Iterating Through Lines

When we read a file, we might want to grab the whole document in a single string, like .read() would return. But what if we wanted to store each line in a variable? We can use the .readlines() function to read a text file line by line instead of having the whole thing. Suppose we have a file:

keats_sonnet.txt

To one who has been long in city pent,
‘Tis very sweet to look into the fair
And open face of heaven,–to breathe a prayer
Full in the smile of the blue firmament.

script.py

with open(‘keats_sonnet.txt’) as keats_sonnet:
  for line in keats_sonnet.readlines():
    print(line)

The above script creates a temporary file object called keats_sonnet that points to the file keats_sonnet.txt. It then iterates over each line in the document and prints the entire file out.

Reading a Line

Sometimes you don’t want to iterate through a whole file. For that, there’s a different file method, .readline(), which will only read a single line at a time.

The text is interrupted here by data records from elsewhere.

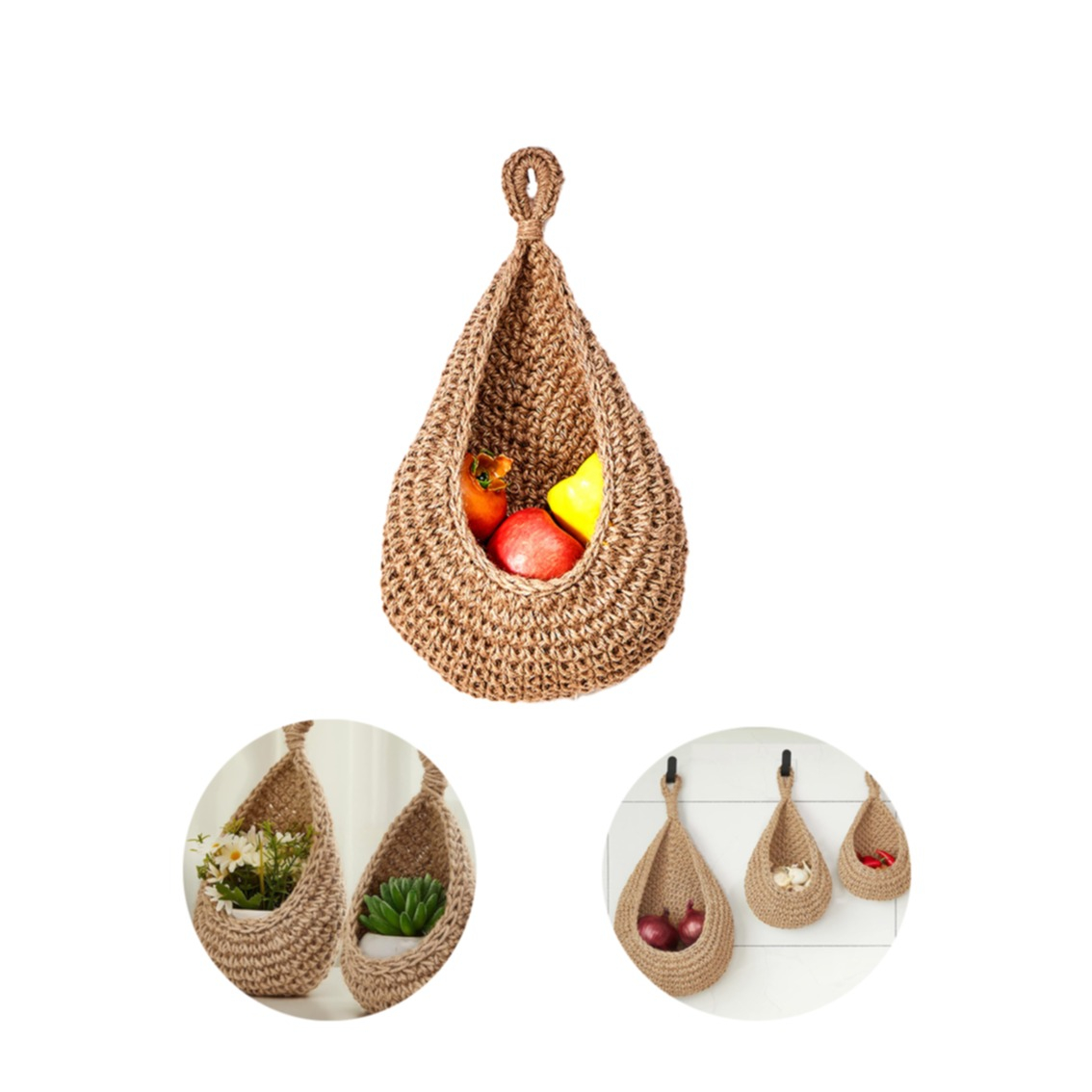 (31x23cm) Panier mural suspendu en jute Décoration maison Organisateur pour fruits / légumes / plantes - Marron
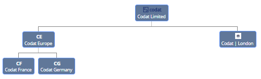 That same hierarchy would be 5 different companies on the Codat platform. Company 1: Codat Limited Company 2: Codat Europe Company 3: Codat France Company 4: Codat Germany Company 5: Codat | London
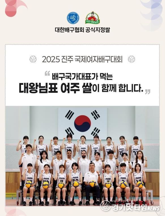 [경기핫타임뉴스=김형철 기자] 여주시 농산업 공동브랜드 활성화센터는 오는 8월 15일과 16일 양일 간, 경남 진주실내체육관에서 열리는 2025 코리아 인비테이셔널 진주국제여자배구대회 현장에서 ‘대왕님표 여주쌀’ 홍보 이벤트 부스를 운영한다고 밝혔다.
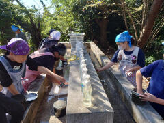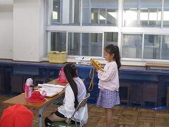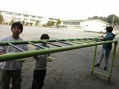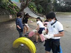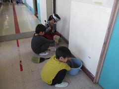 トイレの掃除、傘立ての掃除、廊下のライン補修、校庭のロープはり、遊具のペンキ塗り、扇風機カバーづくり、家庭科室ガスコンロ掃除、外掃除…自分たちができることに午後の2時間、生き生きと取り組みました。
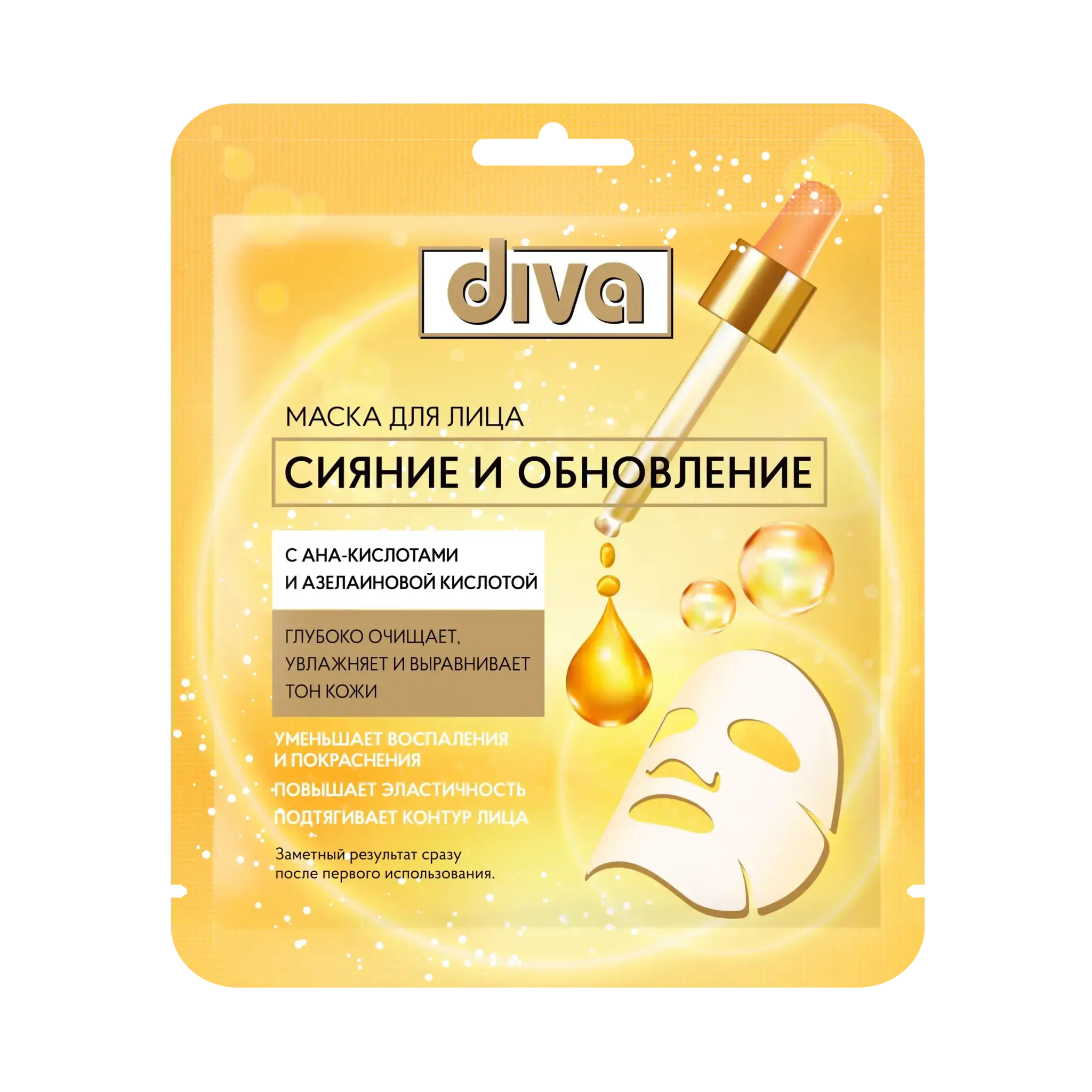 Маска для лица Diva 'Сияние и обновление', с AHA-кислотами, 1 шт
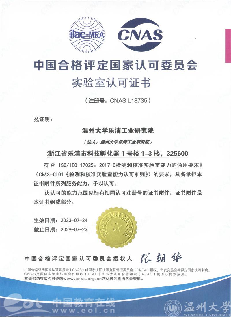 2023年7月,开云电子(中国)官方网站_开云电子(中国)官方网站乐清工业研究院喜获CNAS、CMA证书,助力电气产业产品研发测试创新能力提升!
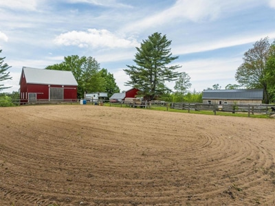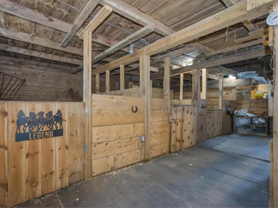 The Barn: Refurbished barn with multiple stalls, paddock, lean-to, riding ring, pastures with solar-powered fencer and water access. A 30×36 workshop with woodstove and hoist.
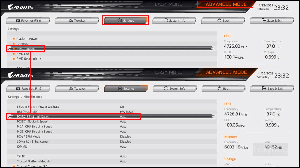 ③ Gen5「PCIe 5.0, Lane x16 정상 작동」※ 라이저 케이블, 및 그래픽카드 재 장착
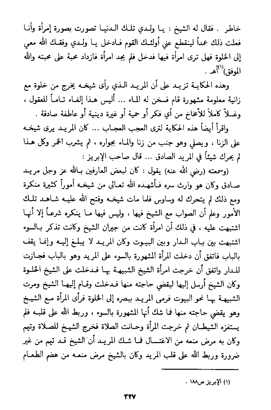 فاعلم أخي المسلم أن هذا الشطح الذي يأتي مما يسمونه بالحال ما هو إلا وخز شيطاني وتحريك إبليسي، هذا عند الصادقين منهم، وأما الكاذبون فإنهم يفتعلون ما يفعلون لإيهام العامة والسذج بأنهم من أهل الأحوال ومن المشاهدين لما يسمونه بحضرة الجلال أو الجمال! ! وذلك كله من الرياء والنفاق وسوء الأخلاق. ومخالفته هدي سلفنا الصالح والخروج على مناهج الأنبياء. فنسأل الله لنا ولإخواننا المسلمين السلامة والعافية مما ابتلي به هؤلاء.
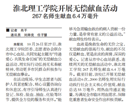 10月26日至27日,beat365唯一官方网站团委、志愿者协会联合市中心血站,共同发起主题为“传递爱心 共筑生命长城”的无偿献血公益活动,用实际行动弘扬无私奉献精神,带动更多市民群众积极参与无偿献血事业。对此,淮北日报进行了报道:
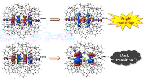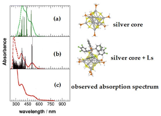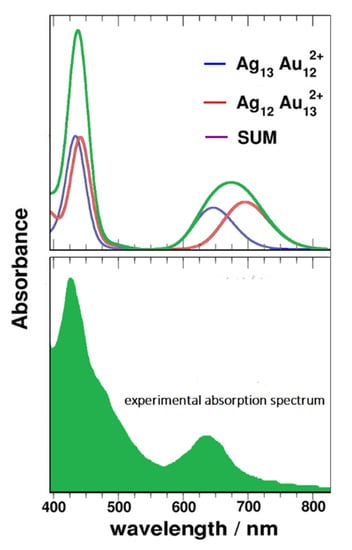 Furthermore, since product II is actually a mixture, its experimental absorption spectrum can be approximated by summing the absorption spectra calculated with n = 13, 12 (with central atom of silver), as shown in Figure 8. This computational prediction has been subsequent verified by ultrafast spectroscopic experiments [31], thus confirming the significance and efficacy of this TD-DFT approach.
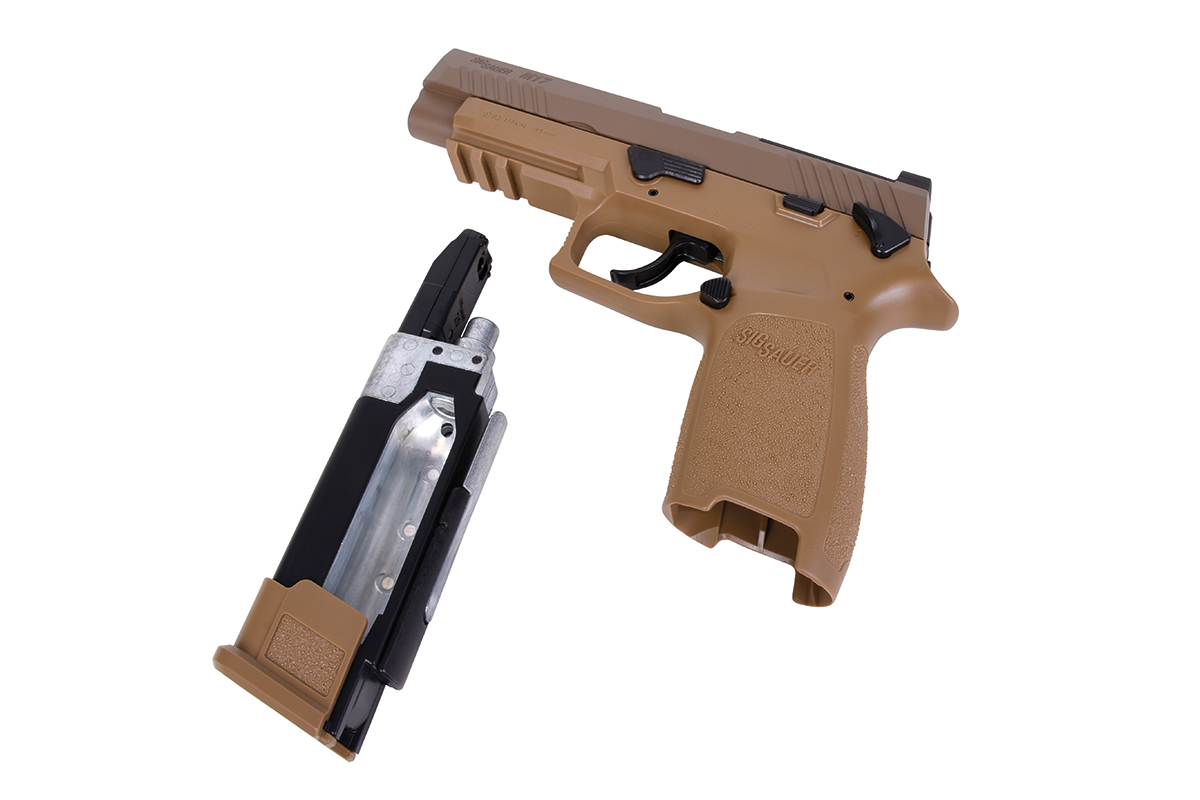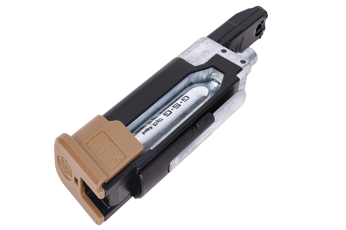 Der Nachbau aus dem Hause Sig Sauer besteht aus hochwertigem Kunststoff sowie einem Metallschlitten und verfügt über ein innovatives 20 Schuss RPM Ketten-Magazin, welches gleichzeitig mit der Co2-Kapsel im Griffstück Platz findet. Der Anstich der Kapsel erfolgt durch eine Hebelmechanik denkbar einfach ohne weiteres Werkzeug.

If the entire document is read line by line in this way subsequent calls to .readline() will not throw an error but will start returning an empty string (“”). Suppose we had this file:

millay_sonnet.txt

I shall forget you presently, my dear,
So make the most of this, your little day,
Your little month, your little half a year,
Ere I forget, or die, or move away,

script.py

with open(‘millay_sonnet.txt’) as sonnet_doc:

  first_line = sonnet_doc.readline()

  second_line = sonnet_doc.readline()

  print(second_line)

This script also creates a file object called sonnet_doc that points to the file millay_sonnet.txt. It then reads in the first line using sonnet_doc.readline() and saves that to the variable first_line. It then saves the second line (So make the most of this, your little day,) into the variable second_lineand then prints it out.

Writing a File

Reading a file is all well and good, but what if we want to create a file of our own? With Python we can do just that. It turns out that our open() function that we’re using to open a file to read needs another argument to open a file to write to.

script.py

with open(‘generated_file.txt’, ‘w’) as gen_file:
  gen_file.write(“What an incredible file!”)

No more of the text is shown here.